Make sure any trap directory is marked as Disallowed in the robots.txt file so that legitimate spiders know to avoid the directory! Failure to do so may result in Google ranking your site #1 under searches for "twit". :-)

<Location /trapdir>
    Sethandler robotcop-arrest
</Location>

Robotcop has a second handler which displays a report on its configuration and lets you see its current status such as blocked IP addresses, the list of evil User-agents, and the parsed robots.txt file in use for the site. You can use the report page to "forgive" an IP which has been mistakenly blocked, or lookup the IP at SamSpade.org for further investigation of harvesters.

<Location /reportdir>
    Sethandler robotcop-report
</Location>

Robotcop Apache Directives

RobotcopMode directive

Syntax: RobotcopMode off|ban|fake|tarpit|custom
Default: RobotcopMode off
Context: server config, virtual host

Configure Robotcop behavior when handling misbehaving spiders. The default mode is "off" which means that Robotcop is disabled, and is not providing any protection for the site.

The "ban" mode results in the spider receiving a 403 Forbidden message for all further requests to the site.

The "fake" mode tells Robotcop to dynamically generate an infinite series of pages full of fake e-mail addresses for poisoning the databases of e-mail address harvesters.

The "tarpit" mode will cause Robotcop to generate a series of dull pages which are fed to the spider very very slowly.
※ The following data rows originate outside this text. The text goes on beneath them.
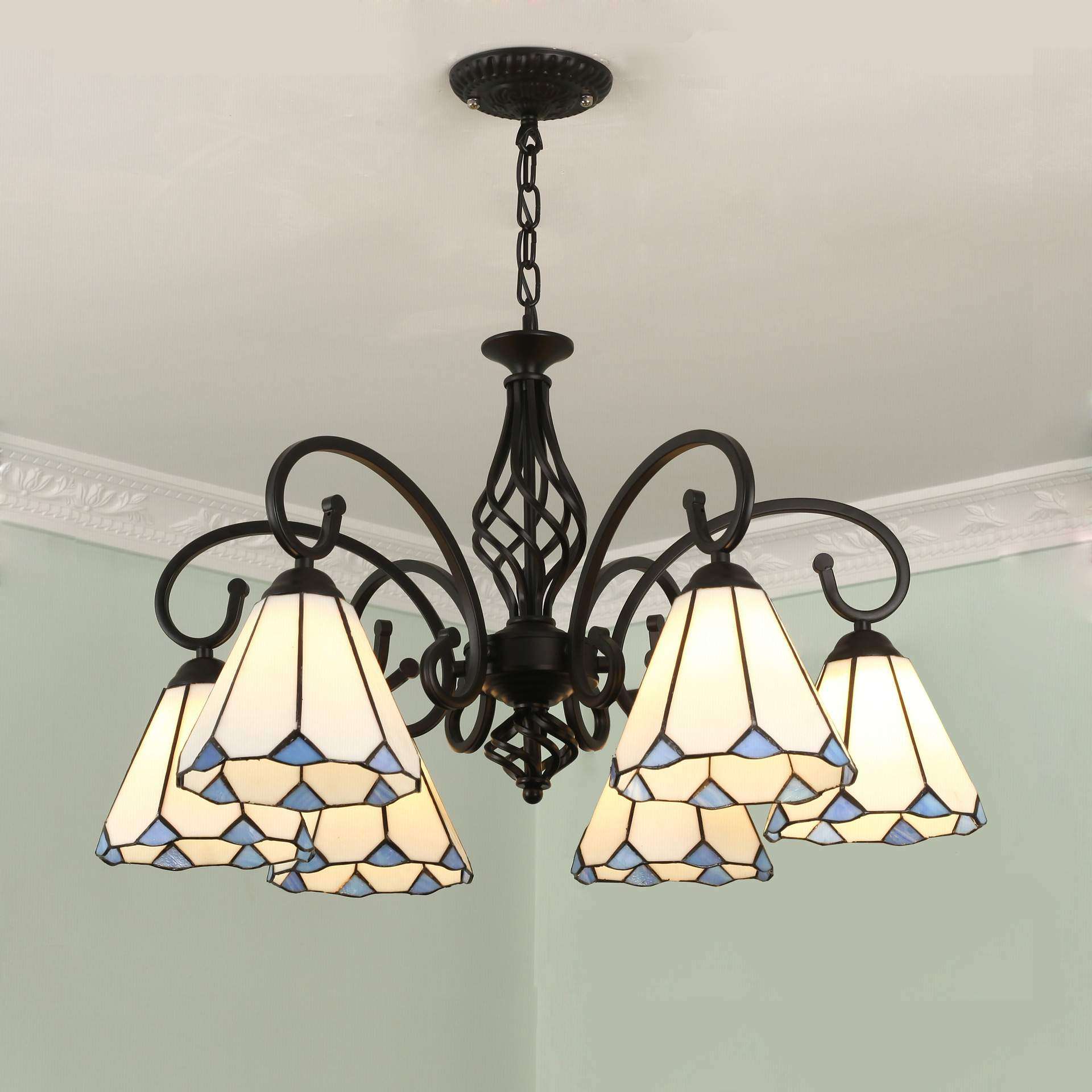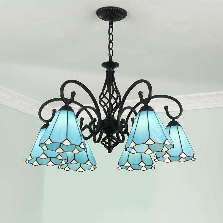 蒂凡尼DIY艺术吊灯LED黑色欧式铁艺吊灯客厅灯美式乡村卧室餐厅灯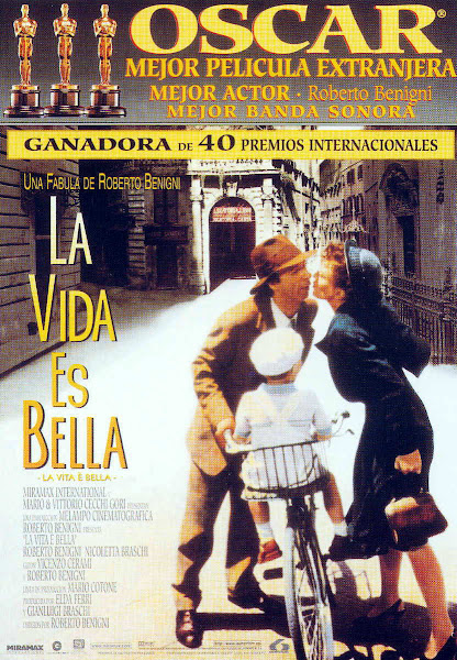 Técnicamente “La vida es bella”, nos os vamos a engañar, es una película maravillosa, una de esas películas que todo el mundo debería ver, como mínimo, una vez en la vida, con un hilo argumental ambientado en el Holocausto vivido durante la Segunda Guerra Mundial en Europa, relatando su dureza pero mezclando este relato con la potente historia de amor que vive la familia protagonista y el histriónico sentido del humor que guía la vida de Guido y a la vez la de su familia durante su periplo por los oscuros años de la ocupación nazi de Italia. También muy remarcable, la célebre banda sonora que acompaña perfectamente la acción en cada secuencia.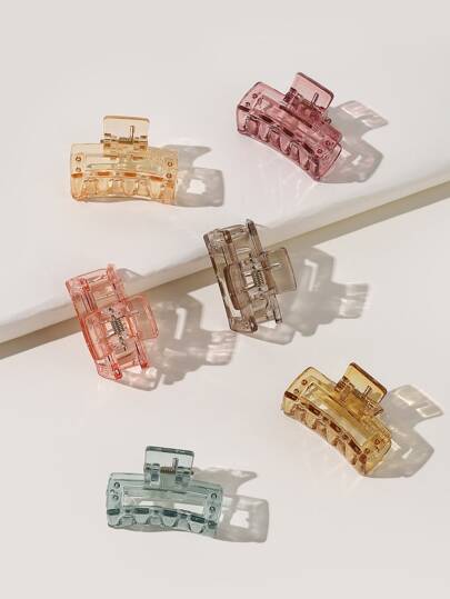 6 件装女士透明小方形爪夹适合日常佩戴街头发夹发夹发钳发夹发夹发夹,学校用品,学院秋冬发饰适合女士度假装扮 - 彩色 - 查看 1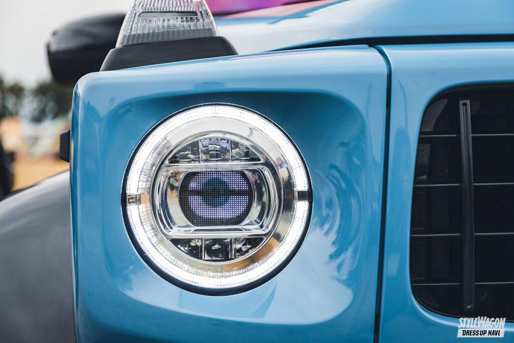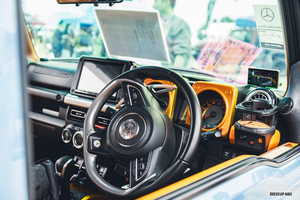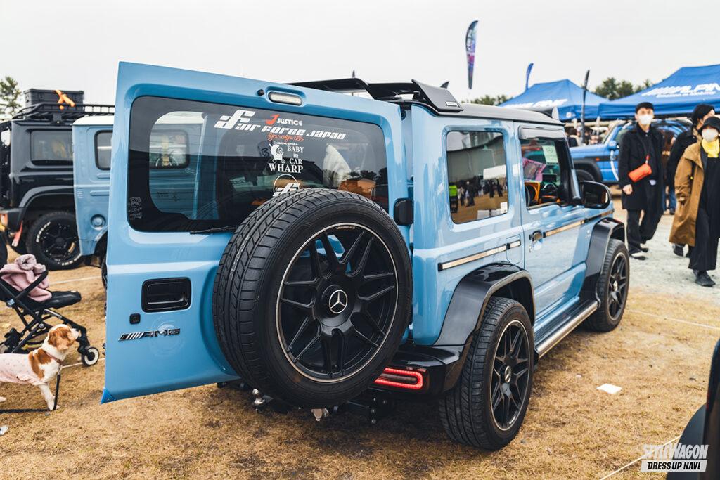 今回は美穂さんのシエラがスタイルワゴン賞のアワードを獲得。入賞の決め手は作り込みを見れば一目瞭然で、細部まで妥協のないGクラス仕様。スタイルコンテストのエントリー車両は人気のオフロードスタイルが多い中、会場でひと際目立っていた。しかもよりリアルなGクラス仕様を目指し、最も実車の雰囲気に近かったというドバイのファストスピード製ボディキットを直輸入。シエラでは珍しいビッグサイズの18インチホイールも同社の製品で、高価な鍛造。ドアミラーやウインカーなど細かい部品はGクラス純正品を使うという徹底ぶり。さらにエアフォースのエアサスを組み、低さでも存在感をアピール。ポン付けでは思うように落ちなかったので、足まわりを加工してさらにローダウン。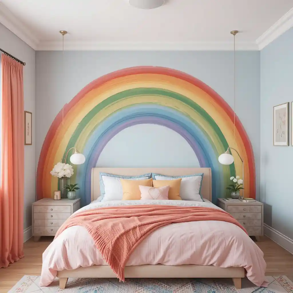 Apply a rainbow mural wallpaper to an entire wall for a dramatic and high-impact transformation. Choose abstract or cartoon styles depending on your preference. Rainbow Bedroom Ideas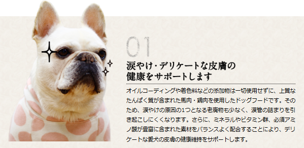 涙やけがよくなってきていること、私が食べても平気そうと思えるぐらいの、触った感じやにおいで、とても安心してあげられます。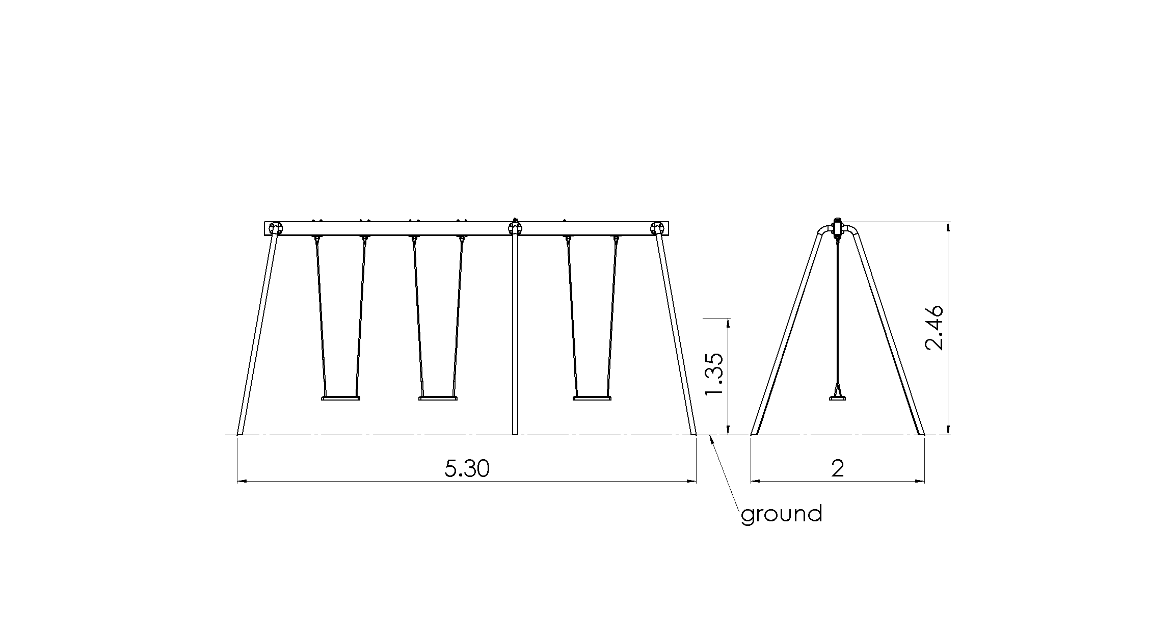 Home / Produkte / Spielanlagen / Schaukeln / Schaukel EAGLE 3 Plätze (ohne Sitze und Befestigungen)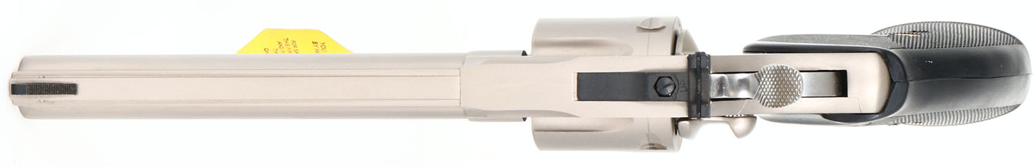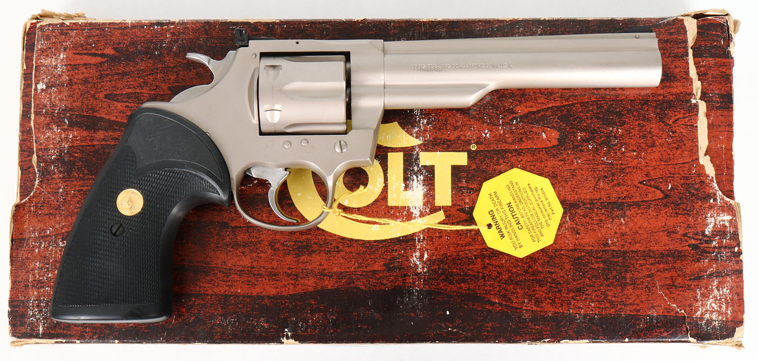 BOXED, Colt, Trooper MK III, CAL: .22 LR, MFG: 1981, SN: Y40996, Double Action Revolver, 6'' barrel. The Colt Trooper MK III was introduced in 1969, in caliber 22LR, 22 WMR, 357 MAG or 38 SPL. This example is very desirable, chambered in .22 LR, which according to the Blue Book brings an additional 30% premium. The left side of barrel is stamped in two lines, ''TROOPER MK III .22 LONG RIFLE''. The gold Colt medallion checkered rubber grips are minty. The E-Nickel (Electric Nickel) finish is mint. Bore is mint. The frame holds a ''U'' notch rear sight & blade sight. Hanging tag still on gun. This gun comes in the original box, with owners manual. Comes with the colt purchase letter from Colt President, in the original SN matching wood grain box, with packaging, owners manual & paperwork. Box has storage wear, tears & split seams, with end flaps having been taped. FFL Req. - Value: 1000 to 2000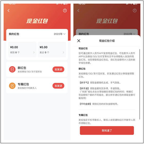 12月24日,数字人民币App再次更新,此次更新增加了“现金红包”功能,用户可用数字人民币给亲朋好友发红包,并在数字人民币App或微信、QQ、支付宝等社交平台领取红包。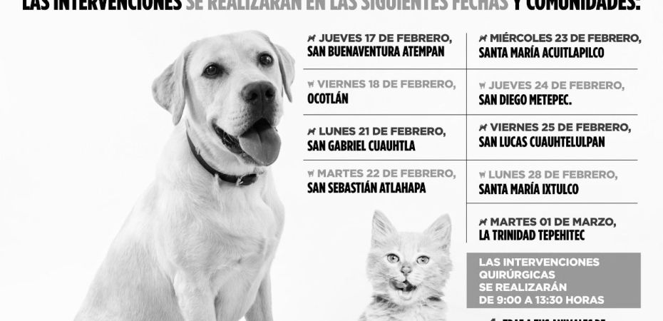 Las intervenciones quirúrgicas en perros y gatos se realizarán en un horario de 9:00 a 13:30 horas en las instalaciones de las presidencias de comunidad antes señaladas.

The "custom" mode will have Robotcop use the intercept mode implemented in custom_arrest.c. This makes it very easy for users to add their own sadistic intercept methods.

RobotcopExpire directive

Syntax: RobotcopExpire [minutes]
Default: RobotcopExpire 60
Context: server config, virtual host

Tells Robotcop how long it should consider a spider IP address as banned before forgiving the address. Spider activity at the address resets the timer so as long as the IP is active it will not be forgiven. Setting this value too large may be dangerous as the IP address may be recycled and used by someone else!

RobotcopEvilAgent directive

Syntax: RobotcopEvilAgent [user-agent]
Context: server config, virtual host

Add a User-agent to be intercepted immediately. Robotcop already includes a list of most known User-Agent strings for known e-mail harvesters. The agent string can be given as just the agent name such as "EvilSpider" or the full User-Agent string including version such as "Mozilla/1.0 (Win32; Evilspider)". This lets you catch spiders pretending to be other agents.

RobotcopRobotsFile directive

Syntax: RobotcopRobotsFile [path-to-robots-file]
Context: server config, virtual host

The full path to the robots.txt file for this server or virtual host. This file will be parsed and consulted to make sure spiders that read it follow the rules listed there. If this directive is not included, Robotcop will not be able to provide nearly as much protection, so be sure to add it!

RobotcopRobotsExpire directive

Syntax: RobotcopRobotsExpire [minutes]
Default: RobotcopRobotsExpire 1440
Context: server config, virtual host

Tells Robotcop how long it should remember the IP address of clients which have requested the robots.txt file. During this period, if a request comes from that IP address which violates a rule in the robots.txt file, that IP address will be added to the intercept list.

RobotcopFilterLog directive

Syntax: RobotcopFilterLog [on|off]
Default: RobotcopFilterLog on
Context: server config, virtual host

Tells Robotcop to filter out hits from caught spiders when logging. This way your access log doesn't get cluttered with hits lost in trap directories. Robotcop will still log a single entry for each spider it catches in your error log.